According to, hardly anyone remembers that once a great number of Hungarians were fighting for the Austro-Hungarian Monarchy on the seas—and underneath. Proposed by the admiralty, the Austro-Hungarian Navy ordered plans for the first submarines in 1906 from the Lake Torpedo Boat Company. These warships later successfully served the navy in several naval battle.

In fact, the Austro-Hungarian Monarchy was the last among the European superpowers to build a submarine fleet. The forces of the Central Powers were lagging behind, which is well illustrated in that the French Navy had 26 submarines operating and 20 under construction and the British Navy had 9 submarines operating and 21 under construction by 1905, whereas the German and the Austro-Hungarian Navy were only at the initial design stages by that date.

However, the breakthrough in expanding its naval force came in 1906, when the American Lake Torpedo Boat Company was commissioned for building the two U-1 class submarines. The naval warships were 100 feet long and as built were each powered by two gasoline engines while surfaced, and two electric motors when submerged. Shortly afterwards, the navy also authorized two U-3 class boats, U-3 and U-4, from the Germaniawerft shipbuilding company. Built by Whitehead & Co to the same design as the C class for the US Navy, the Austro-Hungarian Navy later purchased two U-5 class boats, too.

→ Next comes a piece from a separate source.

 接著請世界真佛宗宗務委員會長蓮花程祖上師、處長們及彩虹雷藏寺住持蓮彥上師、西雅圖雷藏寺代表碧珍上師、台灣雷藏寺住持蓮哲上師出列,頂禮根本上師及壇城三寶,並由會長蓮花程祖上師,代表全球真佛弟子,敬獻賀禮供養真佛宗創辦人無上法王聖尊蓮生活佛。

The home port of the Austro-Hungarian Navy was the naval base at Pola, a role it took over from Venice, where the early Austrian Navy had been based. Supplementary bases included the port of Trieste and the natural harbour of Cattaro at the most southerly point of the Austro-Hungarian Monarchy. Both Trieste and Pola had major shipbuilding facilities. The naval installations at Pola contained one of the largest floating drydocks in the Mediterranean.

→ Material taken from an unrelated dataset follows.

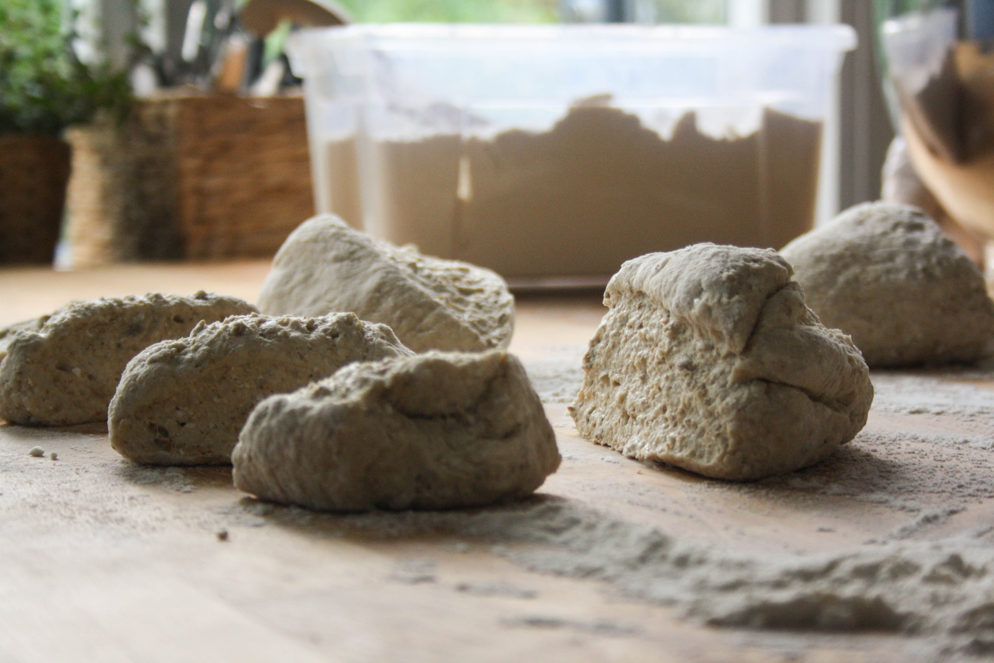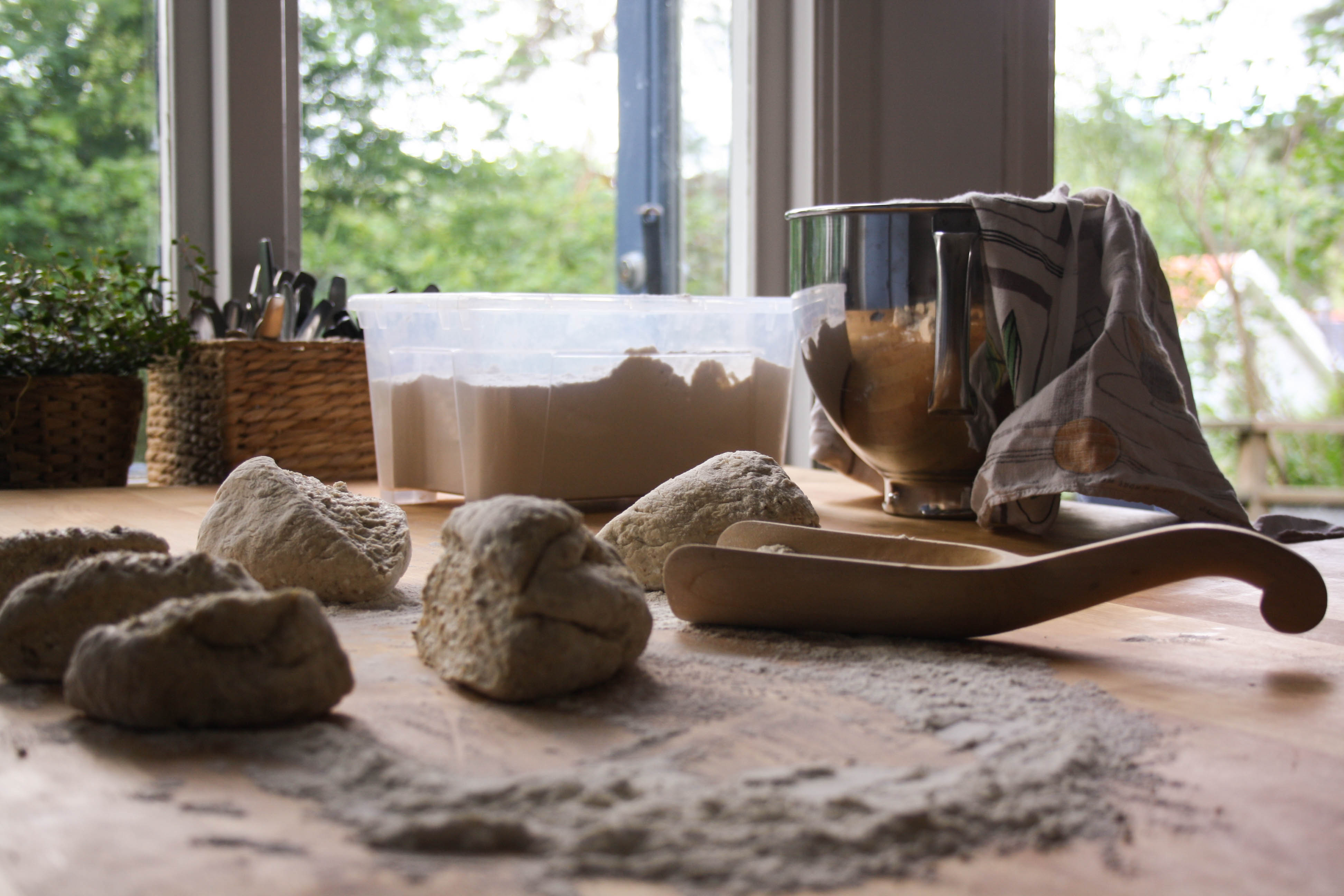 - Sen är en bra skopa, en bra degskrapa och en bra yta att knåda bra grejer.

Glorious Hungarian submarines


During the First World War, the navy saw some action, but prior to the Italian entry, the submarine fleet spent much of its time in its major naval base at Pola. After the assassination of Archduke Franz Ferdinand of Austria, however, the peaceful trainings were replaced by constant preparedness. On 15 May 1915, when Italy declared war on Austria-Hungary, the Austro-Hungarian Navy left their harbours in Pola, Sebenico and Cattaro to bombard the eastern Italian coast between Venice and Barletta.

Meanwhile, the admiralty ordered other submarines from the German, while also starting to put some emphasis on domestic factory development and production; therefore, the owner of Whitehead & Co established the Hungarian Submarine-building Company in 1915. Shortly afterwards, the Ganz and Partner, Danubius Machinery, Wagon and Shipyard Co. Ltd. also entered the industry and began the production of submarines in Budapest. Until the end of the war, no fewer than 13 submarines were built in the territory of the Kingdom of Hungary.

The submarine fleet proved to be a match for the Entente naval forces in the Adriatic. In addition to triumphing over several warships, it defeated transport ships, too. Among its number of great successes should be emphasized that the fleet successfully forced an enemy submarine to surrender on 20 December 1914, which was subsequently served the Austro-Hungarian Navy under the name of U-14 until the end of the war.